The answer to your specific question
the author is trying to say that for some value of n (say, 300), the upper bound of the algorithm written to solve P is of order O (n ^ 2), and for another value of n (say, 3000), the same worst-case algorithm was Ω (n log n)?
no . This is not how complexity functions work. :) We are not talking about different complexity classes for different values of n. Difficulty refers to the whole algorithm, and not to the algorithm with certain sizes. The algorithm has one function of time complexity T (n), which calculates how many steps are required to perform the calculation for input size n.
In this task, you are given two pieces of information:
All this means that we can choose the constants c1, c2, N1 and N2, such that for our function of the algorithm T (n) we have
In other words, our T (n) is “asymptotically bounded below” by some constant time n log n and “asymptotically bounded above” by some constant time n ^ 2. It can be any “between” n log n style function and n ^ 2 style function It can even be n log n (since it is bounded above n ^ 2) or it can be n ^ 2 (since it is bounded below n log n.
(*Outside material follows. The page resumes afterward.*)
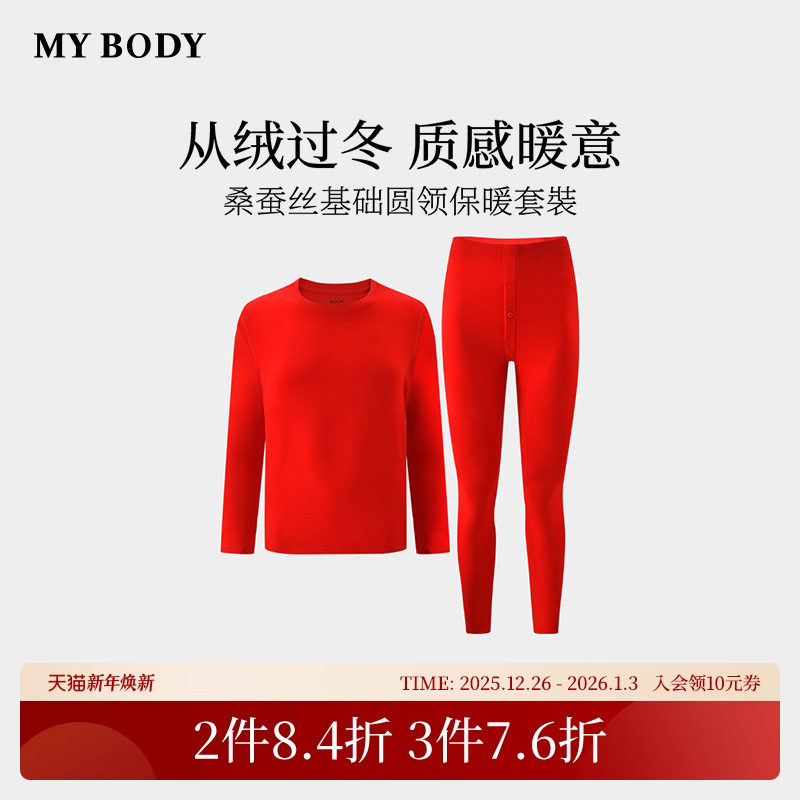 商场同款MYBODY冬季新款保暖内衣男款桑蚕丝基础圆领长袖保暖套裝
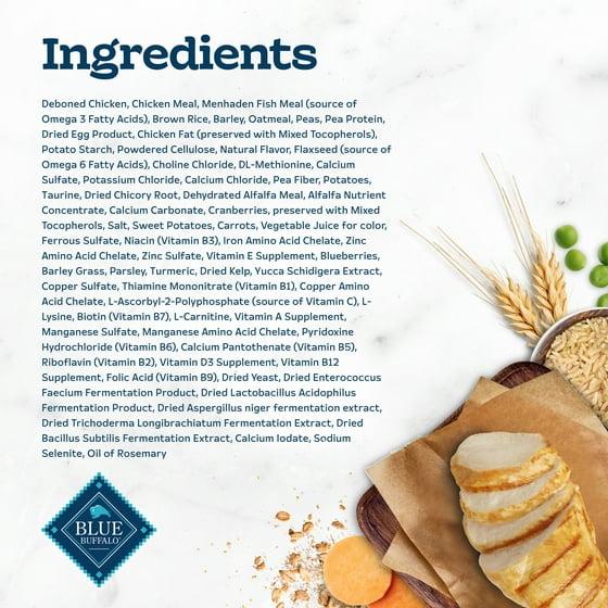 INGREDIENTS: Deboned Chicken, Chicken Meal, Menhaden Fish Meal (source of Omega 3 Fatty Acids), Brown Rice, Barley, Oatmeal, Peas, Pea Protein, Dried Egg Product, Chicken Fat (preserved with Mixed Tocopherols), Potato Starch, Powdered Cellulose, Natural Flavor, Flaxseed (source of Omega 6 Fatty Acids), Choline Chloride, DL-Methionine, Calcium Sulfate, Potassium Chloride, Calcium Chloride, Pea Fiber, Potatoes, Taurine, Dried Chicory Root, Dehydrated Alfalfa Meal, Alfalfa Nutrient Concentrate, Calcium Carbonate, Cranberries, preserved with Mixed Tocopherols, Salt, Sweet Potatoes, Carrots, Vegetable Juice for color, Ferrous Sulfate, Niacin (Vitamin B3), Iron Amino Acid Chelate, Zinc Amino Acid Chelate, Zinc Sulfate, Vitamin E Supplement, Blueberries, Barley Grass, Parsley, Turmeric, Dried Kelp, Yucca Schidigera Extract, Copper Sulfate, Thiamine Mononitrate (Vitamin B1), Copper Amino Acid Chelate, L-Ascorbyl-2-Polyphosphate (source of Vitamin C), L-Lysine, Biotin (Vitamin B7), L-Carnitine, Vitamin A Supplement, Manganese Sulfate, Manganese Amino Acid Chelate, Pyridoxine Hydrochloride (Vitamin B6), Calcium Pantothenate (Vitamin B5), Riboflavin (Vitamin B2), Vitamin D3 Supplement, Vitamin B12 Supplement, Folic Acid (Vitamin B9), Dried Yeast, Dried Enterococcus faecium fermentation product, Dried Lactobacillus acidophilus fermentation product, Dried Aspergillus niger fermentation extract, Dried Trichoderma longibrachiatum fermentation extract, Dried Bacillus subtilis fermentation extract, Calcium Iodate, Sodium Selenite, Oil of Rosemary. GUARANTEED ANALYSIS: Crude Protein 32.0% min. Crude Fat 15.0% min. Crude Fiber 6.0% max. Moisture 9.0% max. Magnesium 0.14% max. Taurine 0.15% min. Omega 3 Fatty Acids 0.5% min. Omega 6 Fatty Acids 2.5% min. *Not recognized as an essential nutrient by the AAFCO Cat Food Nutrient Profiles

It can be something intermediate, for example n (log n) ( log p).
It is not so much that the algorithm has “multiple worst-case complexity” in the sense that it has different behavior. What you see is the upper bound and the lower bound! And they can, of course, be different.
Now it’s possible that you have some kind of "weird" function:
def p(n): if n is even: print n log n stars else: print n*2 stars
This crazy algorithm has the boundaries specified in the task from the book of Skien. And he does not have & Theta; complexity. It may have been what you were thinking about, but note that there is no need for the complexity function to be so strange that we can say that the upper and lower boundaries are different. It should be remembered that the upper and lower boundaries are not rigid, unless explicitly indicated.